This summary is not intended to identify key or essential features of the claimed subject matter, nor is it intended to be used in isolation to determine the scope of the claimed subject matter. The subject matter should be understood by reference to appropriate portions of the entire specification, any or all drawings, and each claim.
The foregoing, together with other features and examples, will become more apparent upon referring to the following specification, claims, and accompanying drawings.
The present disclosure is described in conjunction with the appended figures:
In the appended figures, similar components or features can have the same reference number. Further, various components of the same type may be distinguished by following the reference number with a lowercase letter that distinguishes among the similar components. If only the first reference number is used in the specification, the description is applicable to any one of the similar components having the same first reference number irrespective of the lowercase letter.
DETAILED DESCRIPTIONVisual forecasting software can be used to quickly and automatically generate forecasts based on historical input time series data. Such software includes a graphical user interface (GUI) that may have a drag-and-drop canvas on which a set of rearrangeable nodes can be arranged and connected for designing a forecasting “pipeline.” Each node can represent a processing operation or collection of operations. For example, nodes can provide operations relating to data hygiene, forecasting model selection, forecasting, post-processing analyses, and so on.
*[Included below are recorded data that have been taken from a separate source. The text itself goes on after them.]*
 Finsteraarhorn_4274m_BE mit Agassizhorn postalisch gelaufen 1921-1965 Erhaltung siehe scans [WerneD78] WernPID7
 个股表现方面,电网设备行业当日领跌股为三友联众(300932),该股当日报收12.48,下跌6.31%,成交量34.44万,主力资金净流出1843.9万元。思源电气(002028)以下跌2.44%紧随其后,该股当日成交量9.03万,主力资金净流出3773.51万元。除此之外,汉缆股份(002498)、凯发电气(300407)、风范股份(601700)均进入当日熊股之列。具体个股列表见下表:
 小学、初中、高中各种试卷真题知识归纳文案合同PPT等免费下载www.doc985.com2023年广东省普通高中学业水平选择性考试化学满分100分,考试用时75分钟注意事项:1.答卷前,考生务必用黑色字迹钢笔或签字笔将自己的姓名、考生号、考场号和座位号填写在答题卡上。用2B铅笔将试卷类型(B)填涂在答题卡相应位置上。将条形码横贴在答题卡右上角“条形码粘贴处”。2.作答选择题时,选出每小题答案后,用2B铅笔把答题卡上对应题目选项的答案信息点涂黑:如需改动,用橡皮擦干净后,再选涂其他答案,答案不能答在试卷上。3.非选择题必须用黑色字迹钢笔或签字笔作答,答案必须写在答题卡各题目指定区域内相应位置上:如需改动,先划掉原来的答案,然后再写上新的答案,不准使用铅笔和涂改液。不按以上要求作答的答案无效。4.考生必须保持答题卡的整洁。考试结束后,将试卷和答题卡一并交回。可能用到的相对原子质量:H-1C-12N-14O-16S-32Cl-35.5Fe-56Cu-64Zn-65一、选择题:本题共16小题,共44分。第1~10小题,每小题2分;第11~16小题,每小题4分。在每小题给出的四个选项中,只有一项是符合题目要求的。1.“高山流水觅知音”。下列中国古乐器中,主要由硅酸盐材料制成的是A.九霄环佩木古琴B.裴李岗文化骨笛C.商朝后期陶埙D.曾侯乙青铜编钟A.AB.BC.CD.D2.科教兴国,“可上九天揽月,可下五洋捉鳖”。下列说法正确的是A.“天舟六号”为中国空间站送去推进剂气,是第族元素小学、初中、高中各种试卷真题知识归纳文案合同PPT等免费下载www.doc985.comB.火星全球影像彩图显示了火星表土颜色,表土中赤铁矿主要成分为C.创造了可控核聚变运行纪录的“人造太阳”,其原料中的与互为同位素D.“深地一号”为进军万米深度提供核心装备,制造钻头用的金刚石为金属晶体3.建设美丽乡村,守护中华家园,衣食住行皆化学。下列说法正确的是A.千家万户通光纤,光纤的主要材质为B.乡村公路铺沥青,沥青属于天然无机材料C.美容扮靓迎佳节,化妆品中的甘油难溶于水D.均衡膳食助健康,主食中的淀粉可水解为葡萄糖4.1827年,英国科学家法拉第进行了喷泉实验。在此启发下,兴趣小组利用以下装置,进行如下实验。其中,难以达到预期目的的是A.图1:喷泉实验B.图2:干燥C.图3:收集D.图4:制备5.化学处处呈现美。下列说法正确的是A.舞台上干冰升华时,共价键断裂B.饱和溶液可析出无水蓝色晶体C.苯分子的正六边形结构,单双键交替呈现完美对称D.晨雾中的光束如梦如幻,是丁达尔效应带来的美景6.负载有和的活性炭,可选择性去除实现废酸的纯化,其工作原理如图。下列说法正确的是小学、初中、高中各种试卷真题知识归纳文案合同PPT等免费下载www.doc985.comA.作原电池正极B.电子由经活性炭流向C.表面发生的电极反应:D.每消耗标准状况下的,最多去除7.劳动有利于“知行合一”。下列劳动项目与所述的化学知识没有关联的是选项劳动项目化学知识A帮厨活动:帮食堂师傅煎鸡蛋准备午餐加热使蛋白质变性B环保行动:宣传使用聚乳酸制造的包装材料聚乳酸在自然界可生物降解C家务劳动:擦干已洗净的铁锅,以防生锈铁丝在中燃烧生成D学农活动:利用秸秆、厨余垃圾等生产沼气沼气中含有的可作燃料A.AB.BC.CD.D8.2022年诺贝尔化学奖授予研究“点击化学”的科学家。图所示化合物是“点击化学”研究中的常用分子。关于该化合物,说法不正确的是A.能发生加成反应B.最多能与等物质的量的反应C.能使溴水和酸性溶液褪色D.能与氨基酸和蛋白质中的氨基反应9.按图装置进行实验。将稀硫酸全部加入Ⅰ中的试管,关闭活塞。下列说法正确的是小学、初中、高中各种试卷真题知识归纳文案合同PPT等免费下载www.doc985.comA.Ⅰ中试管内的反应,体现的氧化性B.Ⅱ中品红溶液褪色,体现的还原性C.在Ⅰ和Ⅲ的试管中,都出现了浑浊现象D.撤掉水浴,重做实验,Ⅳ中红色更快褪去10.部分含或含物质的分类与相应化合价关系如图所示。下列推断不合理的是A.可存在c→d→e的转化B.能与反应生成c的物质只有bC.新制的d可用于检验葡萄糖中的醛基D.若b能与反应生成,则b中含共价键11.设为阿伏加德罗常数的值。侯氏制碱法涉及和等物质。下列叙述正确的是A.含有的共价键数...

While visual forecasting software may include pre-built forecasting operations that can be used to generate forecasts, in some cases the visual forecasting software can also be designed to interpret a particular programming language. Users can use the interpreted programming language to, for example, author custom forecasting operations. For instance, users can use the interpreted programming language to define specialized algorithms that fit their particular forecasting needs. The specialized algorithms may involve complex statistical models, machine learning algorithms, or tailored data processing steps. But the interpreted programming language may not be as widely available as some other programming languages. The visual forecasting software may not allow other programming languages to be used because of the complexities involved. For example, the interpreted programming language may present technical integration difficulties due to design limitations, published APIs or SDKs may be incompatible with those of other programming languages, certain custom language features may lack equivalents in other programming languages, and so on. As a result, it is common for visual forecasting software to only allow a single, default, interpreted programming language for use in customizing forecasting operations.
Despite the above, some users may desire to use other programming languages to develop their own custom forecasting operations or for other related purposes. For example, a user may possess an implementation of a particular algorithm in a programming language other than the default programming language interpreted by the visual forecasting software. In this context, the programming language other than the programming language interpreted by the visual forecasting software will be referred to as an external programming language. The external programming language can be, for example, an open-source programming language or a programming language used for the development of open-source software. In some examples, the external programming language may be a closed-source programming language or a programming language used for the development of closed-source software, embedded software, enterprise software, system software, and so on. In many situations, porting the algorithm from the external programming language to the default programming language of the visual forecasting software may be impractical, inefficient, or even impossible if one of the two programming languages includes a feature or features that cannot be mapped to the other. In this case, it may be preferable to execute the operations implemented in the external programming language as written, without converting or porting it to the default programming language of the visual forecasting software (hereinafter “default programming language”).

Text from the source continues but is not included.